Excerpts from a dataset:
___
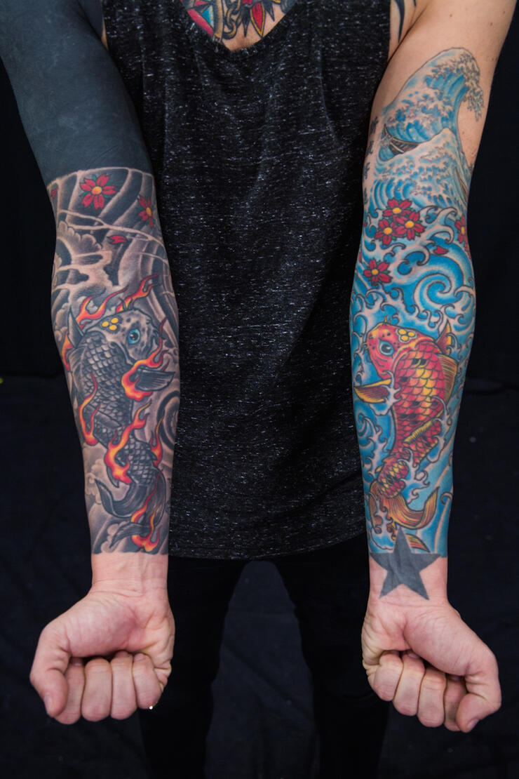 Cover Up Tattoos On Forearm Koi Fish Arm Tattoo Cover Up
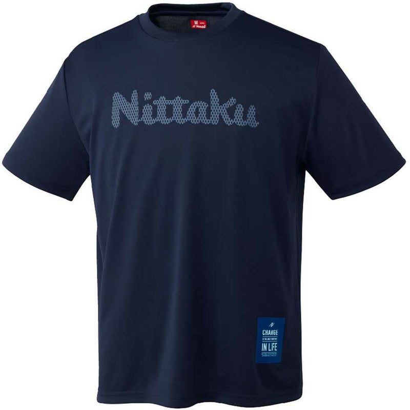 変化を重ねてステップアップしよう!サラッと生地のTシャツ。前面にドット調のニッタクロゴ、左裾には「とどまることなく変化していこう」という想いを込めたメッセージをデザイン。伸縮性が高く、サラッとした生地なので練習にピッタリです。
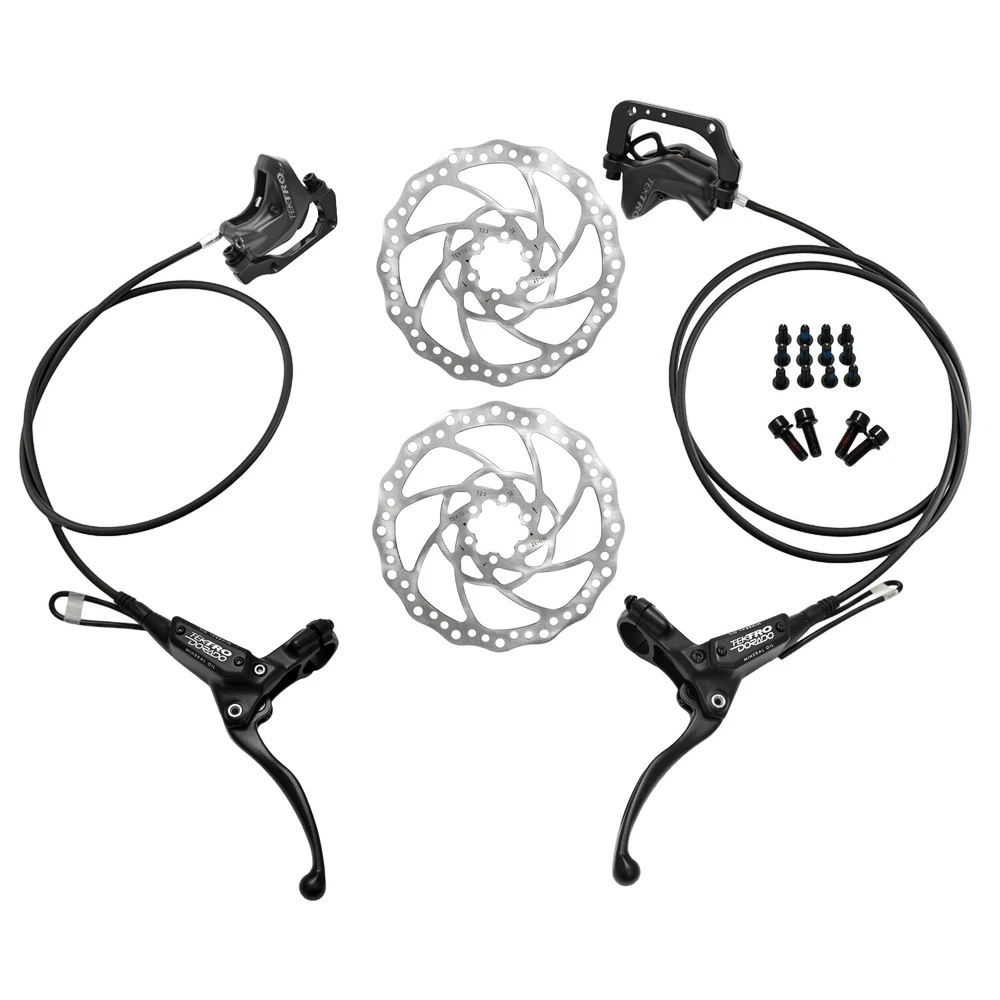 - Open system, 4 piston - With power cut-off sensor, Thicker rotor & ball-end design - Powerful & durable brake for 45km/hr E-bikes - Easy installation, adjustment and maintenance Lever - Forge aluminum lever / bracket - Two pieces clamp - 4 finger blade with ball end - Reach adjustment - Finish : Black(as pic. shown) Caliper - 4 Piston forged aluminum body - Free angle of hose connector for varied frames - 2.3mm thickness rotor - Easy installation & maintenance from top - Finish : Black (as pic. shown) Pads - Overall balance resin pad - Upload replacement Rotor - 2.3mm thickness - High heat dispersion & heat tolerance - Diameter :180mm x2 Hose Length: Front: 900 mm / Rear: 1500 mm Weight: Front wheel approx. 420grams / Rear wheel approx. 446grams (Excludes rotor & mounting bolts) Package includes: - Brake caliper x2 (Front and Rear) - Brake lever x2 (Left - front and Right - rear) - Hose x2 - Brake pad x2 - 180mm Rotor x2 SP ID: MH2713 Payment Shipping Returns Now eBay manages the end-to-end payments process. If you have any payment problem, please feel free to directly contact Ebay customer service. All items are shipped within 3 business days after received your payment. The delivery time depends on destination and other factors. If the item that your ordering is out of stock, we will refund the money to you. If you are not satisfied with this item, just simply notice us in 3 days after you received item, before you decide to ship item back, make sure to contact us via E-mail for shipping address. Shipping and handling fees are non-refund. Customers will be responsible for all return shipping cost. Returns without original package will not be accepted. designed by
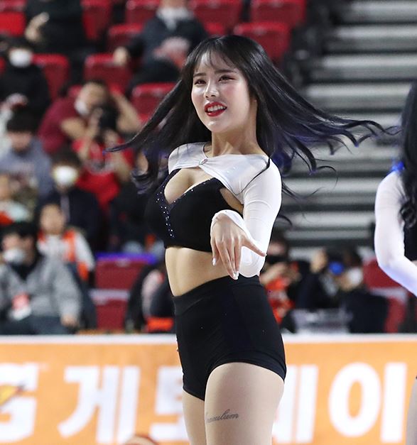 전자랜드 치어리더들이 늘씬한 몸매를 뽐내고 있다.
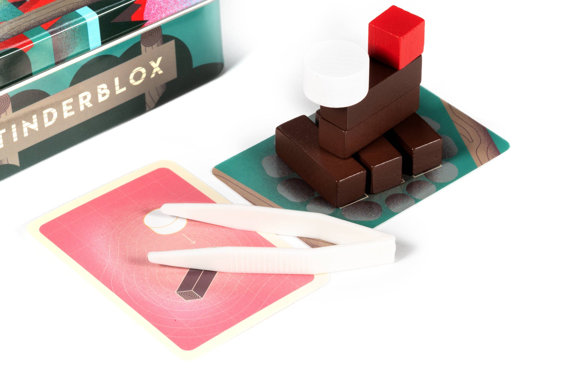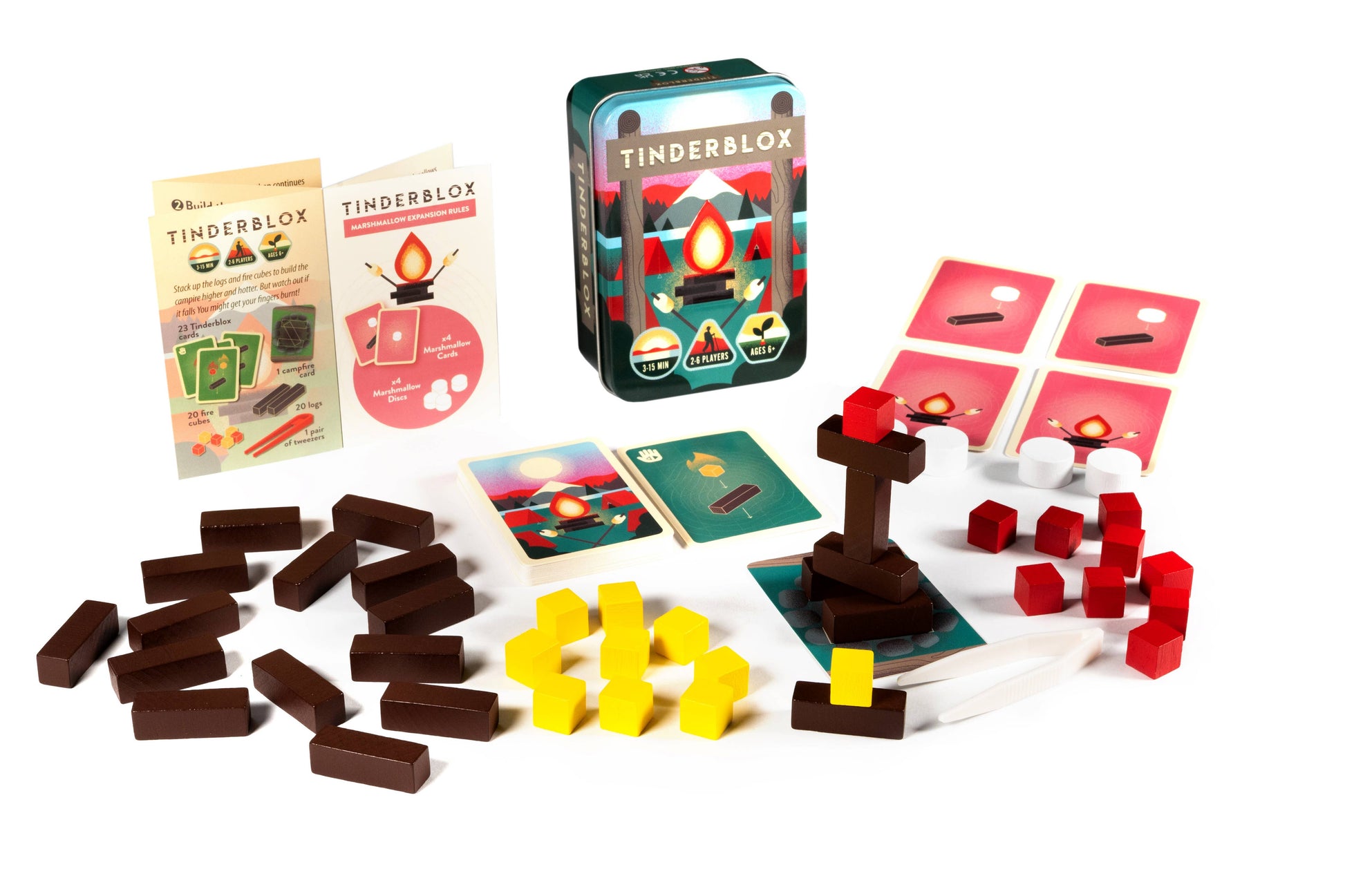 In this light dexterity game, carefully build up your campfire. Tinderblox is a mini-tin dexterity game where players are taking it in turns in a campfire-building competition. Be careful though, the bigger the campfire gets, the less stable it becomes. Can you handle the heat or will you be the one to cause the campfire to collapse?! Tinderblox Sunset is the new variant which is made from sustainably sourced wood and paper, and comes with the latest Marshmallow mini-expansion included! Tinderblox Sunset is also not shrink-wrapped and has not used ziplock bags to minimise plastic waste.
___
TASK REQUIREMENTS »
What you write must match, line for line, the records from the line containing "전자랜드 치어리더들이 늘씬한 몸매를 뽐내고 있다." through the last line, with every picture left out.

PROBLEM SOLUTION »
 전자랜드 치어리더들이 늘씬한 몸매를 뽐내고 있다.
 In this light dexterity game, carefully build up your campfire. Tinderblox is a mini-tin dexterity game where players are taking it in turns in a campfire-building competition. Be careful though, the bigger the campfire gets, the less stable it becomes. Can you handle the heat or will you be the one to cause the campfire to collapse?! Tinderblox Sunset is the new variant which is made from sustainably sourced wood and paper, and comes with the latest Marshmallow mini-expansion included! Tinderblox Sunset is also not shrink-wrapped and has not used ziplock bags to minimise plastic waste.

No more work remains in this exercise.